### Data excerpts

----

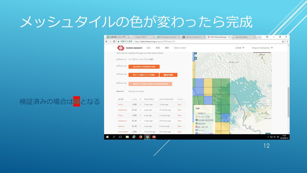 メッシュタイルの色が変わったら完成 検証済みの場合は緑となる 12
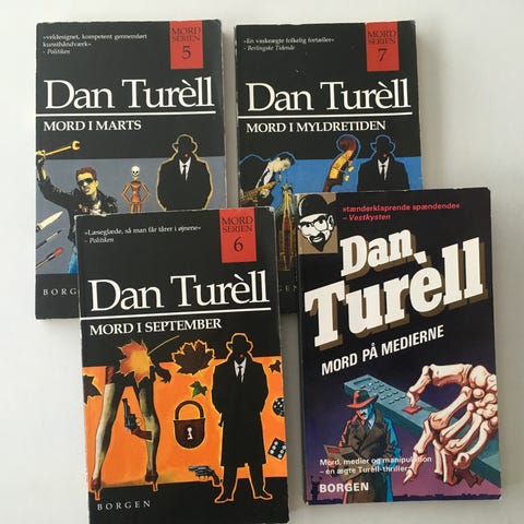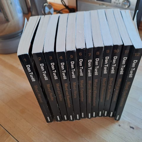 Af: Dan Turéll. Borgen 1992. De 12 bøger i serien i kassette. Paperbacks. Pæn stand
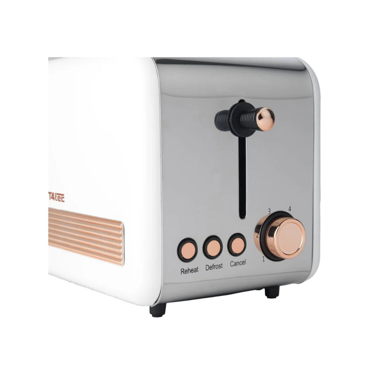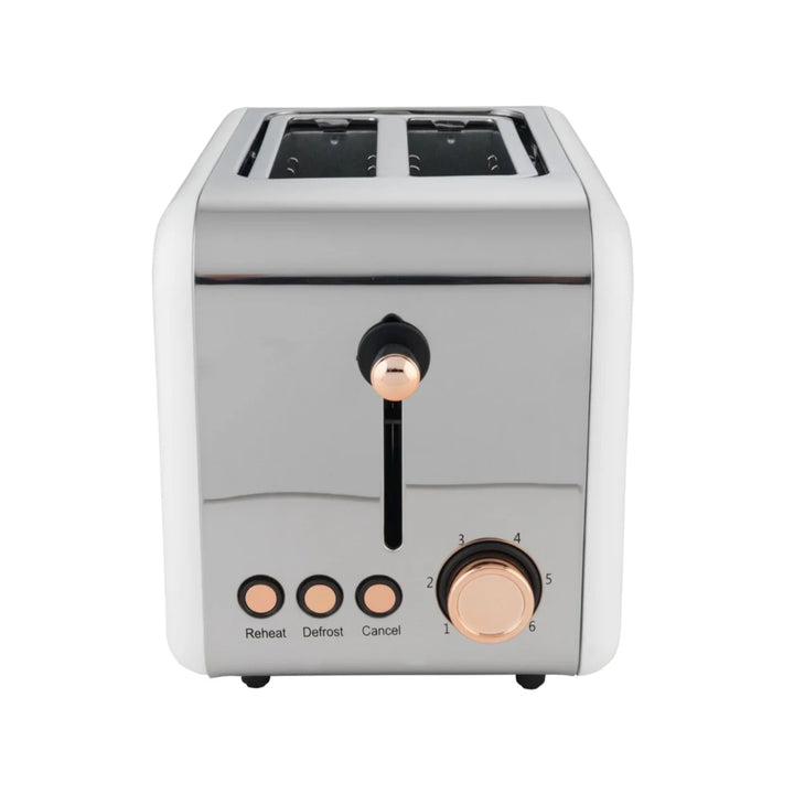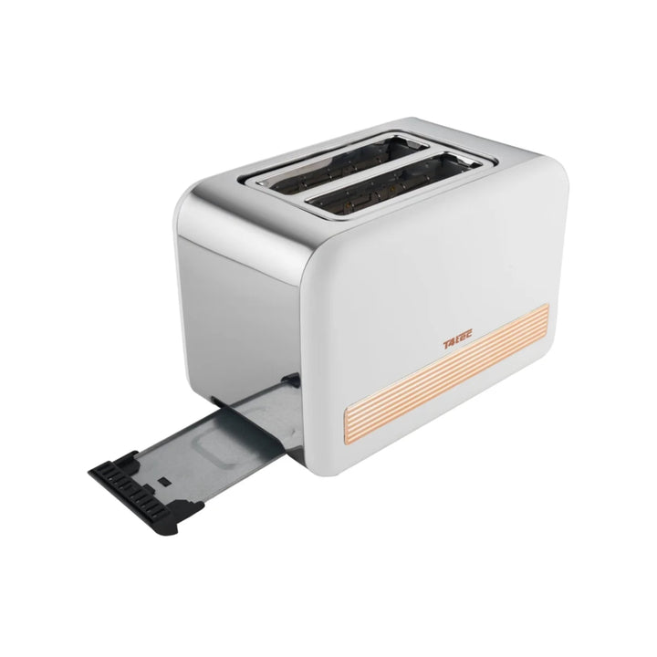 Boasting 850W power this stylish 2 slice toaster features Defrost, Cancel and Reheat bread buttons with indicator lights. Adjustable browning control helps you make toast just the way you like it, and the self-centring function aligns smaller sized bread for even toasting. The slide out crumb tray collects crumbs for mess-free toasting and easy cleaning, helping to keep your kitchen worktop tidy.
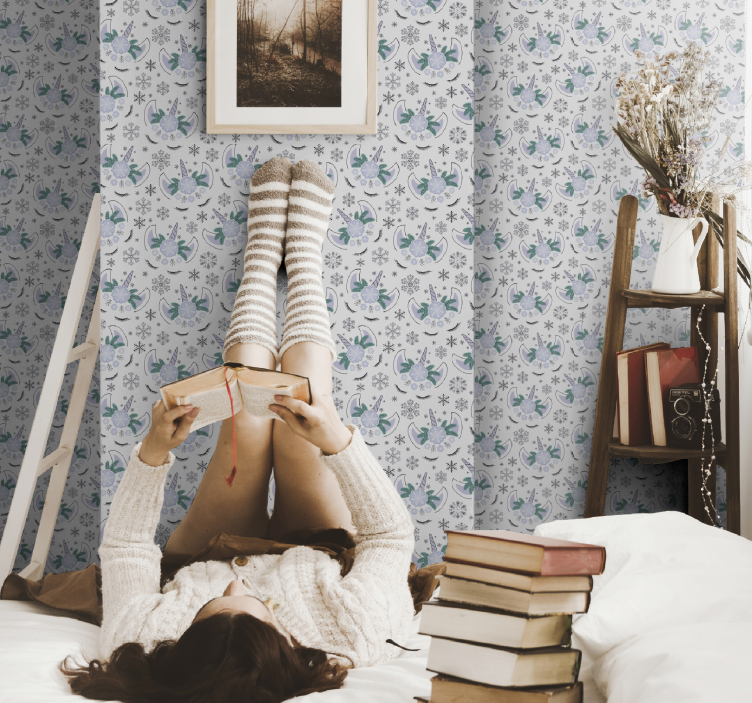 私たちの花 壁紙 心地よい花の隠れ家は、ユニコーンや雪片、フラワーズが美しくデザインされた心地よい空間を演出します。リラクゼーションをテーマにしたこの壁紙は、居心地の良い本を読む時間をさらに特別なものにしてくれます。装飾的な要素がふんだんに取り入れられており、インテリアに華やかさをプラスします!
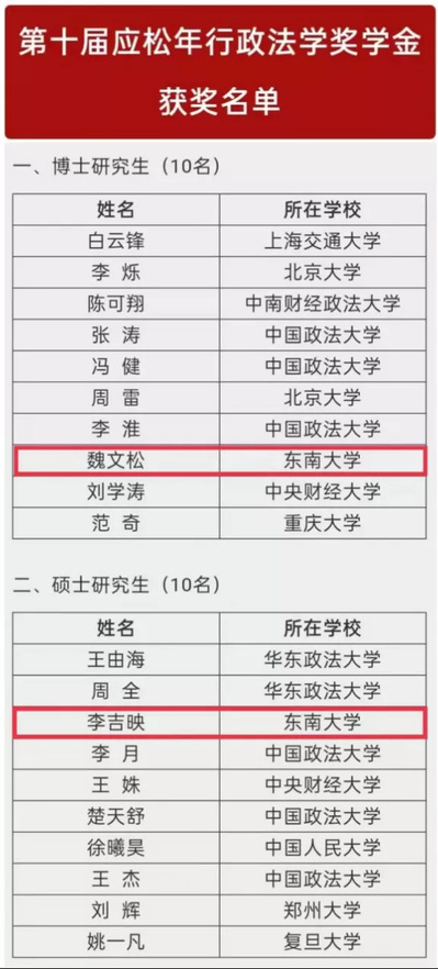 据悉,应松年行政法学基金是由我国著名法学家应松年先生连同多位行政法同仁发起设立的奖学基金,其宗旨是通过设立奖学金,以奖励全国优秀行政法学研究生,更好地培养行政法治人才,推动学术发展,进一步推进我国的行政法治建设。应松年行政法学奖学金自2005年12月设立以来,在引领行政法学专业研究生成长成才方面的影响日益显著,被喻为“中国行政法学界的诺贝尔奖”。迄今,该奖学金已连续评选和颁发十届,总计有来自全国十余所高校yl23455永利官网系的68名博士研究生和128名硕士研究生获此殊荣。本届“应松年行政法学奖学金”共有包括yl23455永利官网魏文松、李吉映两位同学在内的10名博士研究生和10名硕士研究生获奖。
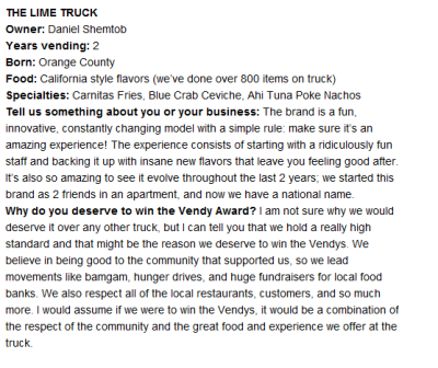 Finalists have just been announced for LA’s second annual Vendy Awards, a competition to celebrate this city’s best street food vendors.
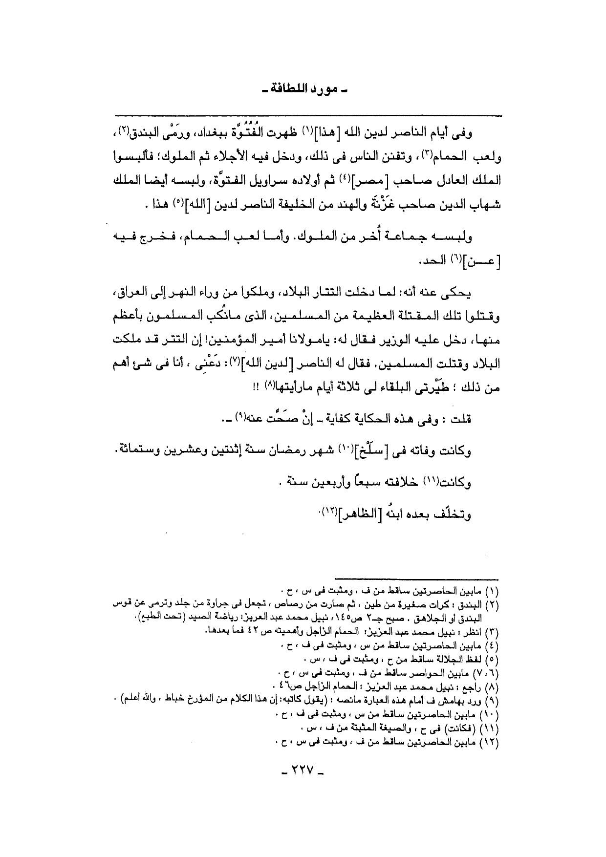 وَفِي أَيَّام النَّاصِر لدين الله [هَذَا] ظَهرت الفتوة بَغْدَاد، وَرمي البندق، وَلعب الْحمام، وتفنن النَّاس فِي ذَلِك، وَدخل فِيهِ الأجلاء ثمَّ الْمُلُوك؛ فألبسوا الْملك الْعَادِل صَاحب [مصر] ثمَّ أَوْلَاده سَرَاوِيل الفتوة، ولبسه أَيْضا الْملك شهَاب الدّين صَاحب غزنة والهند من الْخَلِيفَة النَّاصِر لدين [الله] هَذَا.
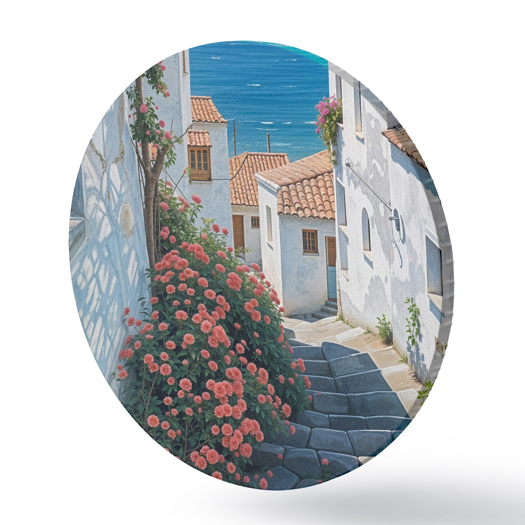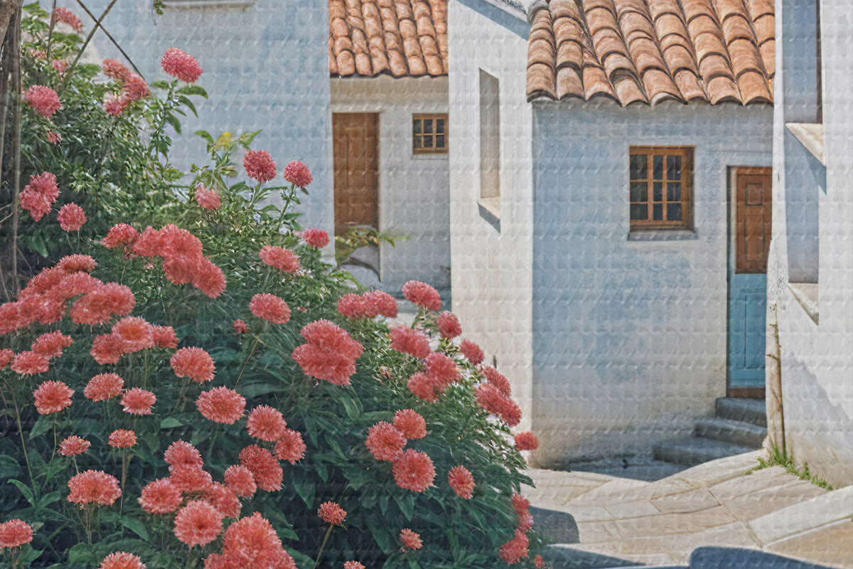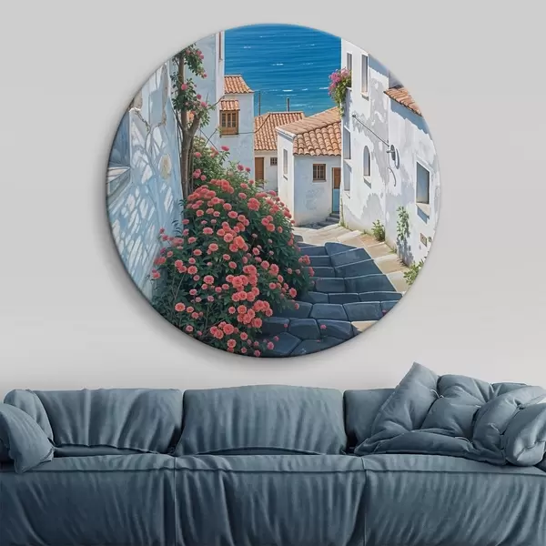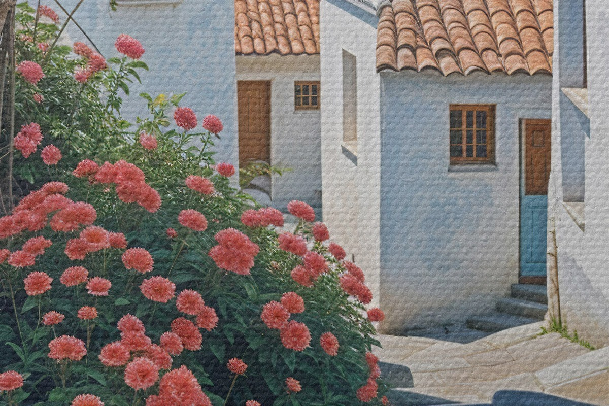 Nuotrauka Siaura pakrantės miestelio gatvė su baltais pastatais, raudonų čerpių stogais ir ryškiomis rožinėmis gėlėmis Nr r39532
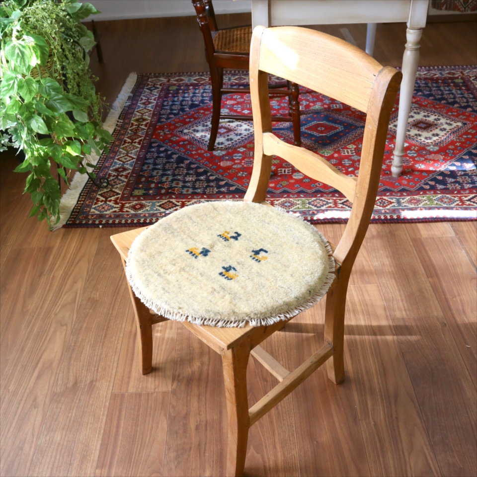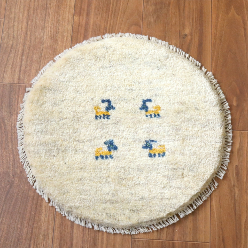 【15%OFF】ギャッベ 円形座布団サイズ φ42cm ナチュラルアイボリー ベージュ
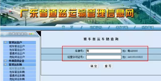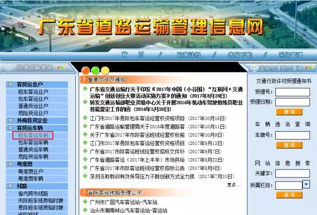 登錄廣東省道路運輸管理信息網(wǎng),點擊左側菜單欄中的「客貨運車輛」,再點擊「客班車客運車輛」,就能進入到查詢頁面。
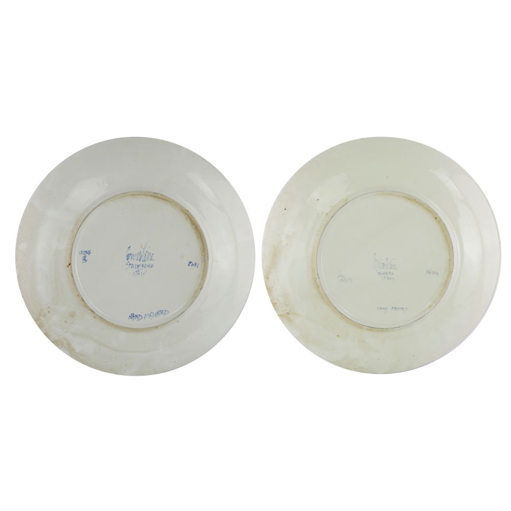Coppia di piatti in ceramica bianca con decoro floreale anni '60
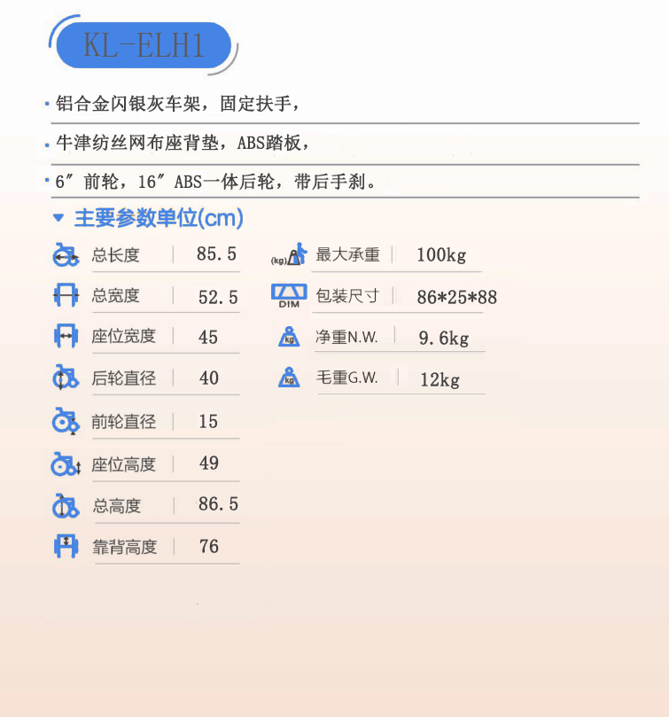 > KL-ELH1兒童功能型輪椅
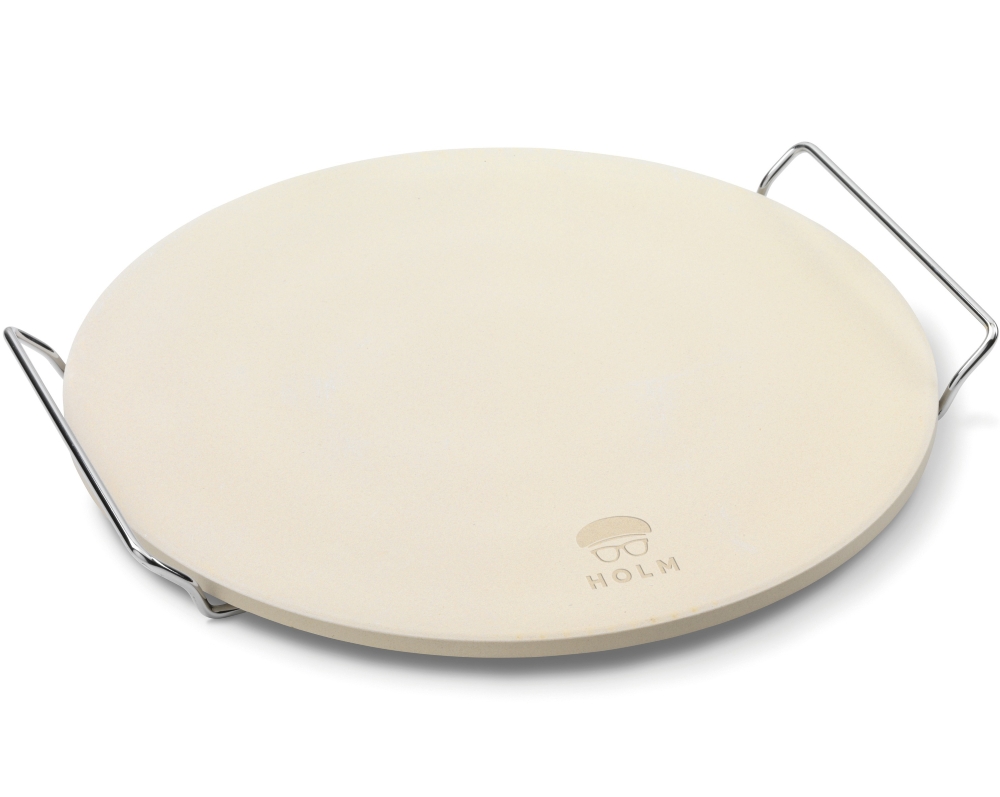Pizzasten 33 cm för perfekt pizzabotten. Används i vanlig ugn och på grill. Medföljer smart förkromad hållare för enkel servering.
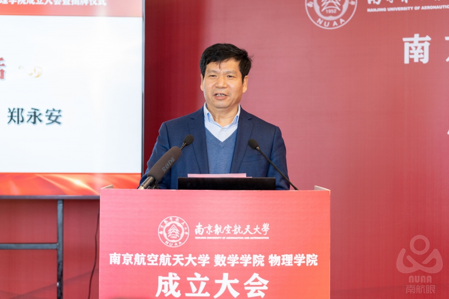 郑永安代表学校党委和领导班子成员对长期以来关心支持南航建设发展的专家领导以及为基础学科发展作出重要贡献的广大师生表示衷心感谢,并向新成立的数学学院、物理学院及两院师生表示热烈祝贺。他强调,加强基础学科建设,成立数学学院、物理学院,是学习贯彻习近平总书记关于教育重要论述、贯彻落实国家重大战略部署的具体行动,也是强化服务支撑高水平科技自立自强的实际担当,更是着力推进理科学科群高质量发展、加快建设特色鲜明世界一流大学的重大战略举措。
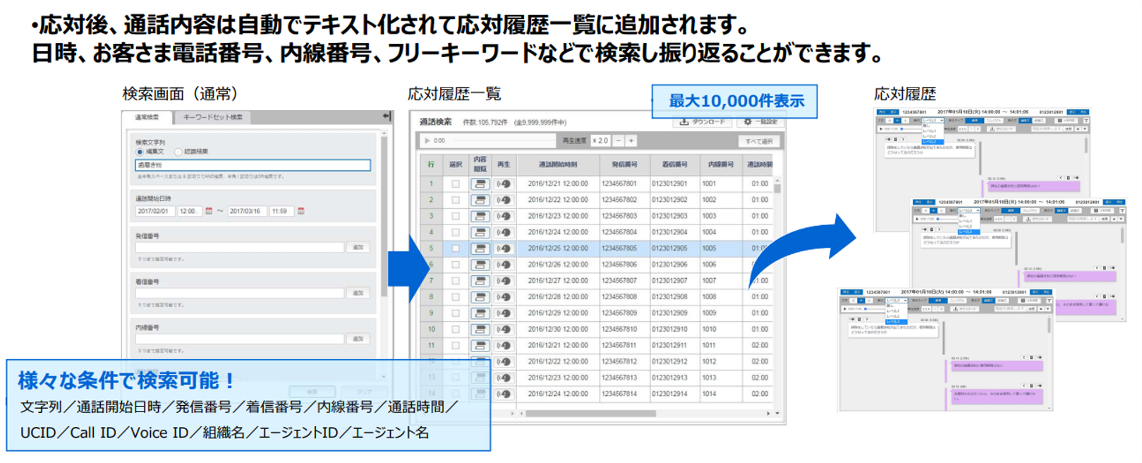 テキスト情報としては残したくない電話番号やクレジットカード情報などをシステム側で自動的にマスキングします。さらに追加で管理者画面で手動検索、マスキングも可能です。

----

Go back to the entries above and restate word for word every line from the first through the one that contains "Af: Dan Turéll.", leaving the pictures behind.

### Exercise response
 メッシュタイルの色が変わったら完成 検証済みの場合は緑となる 12
 Af: Dan Turéll. Borgen 1992. De 12 bøger i serien i kassette. Paperbacks. Pæn stand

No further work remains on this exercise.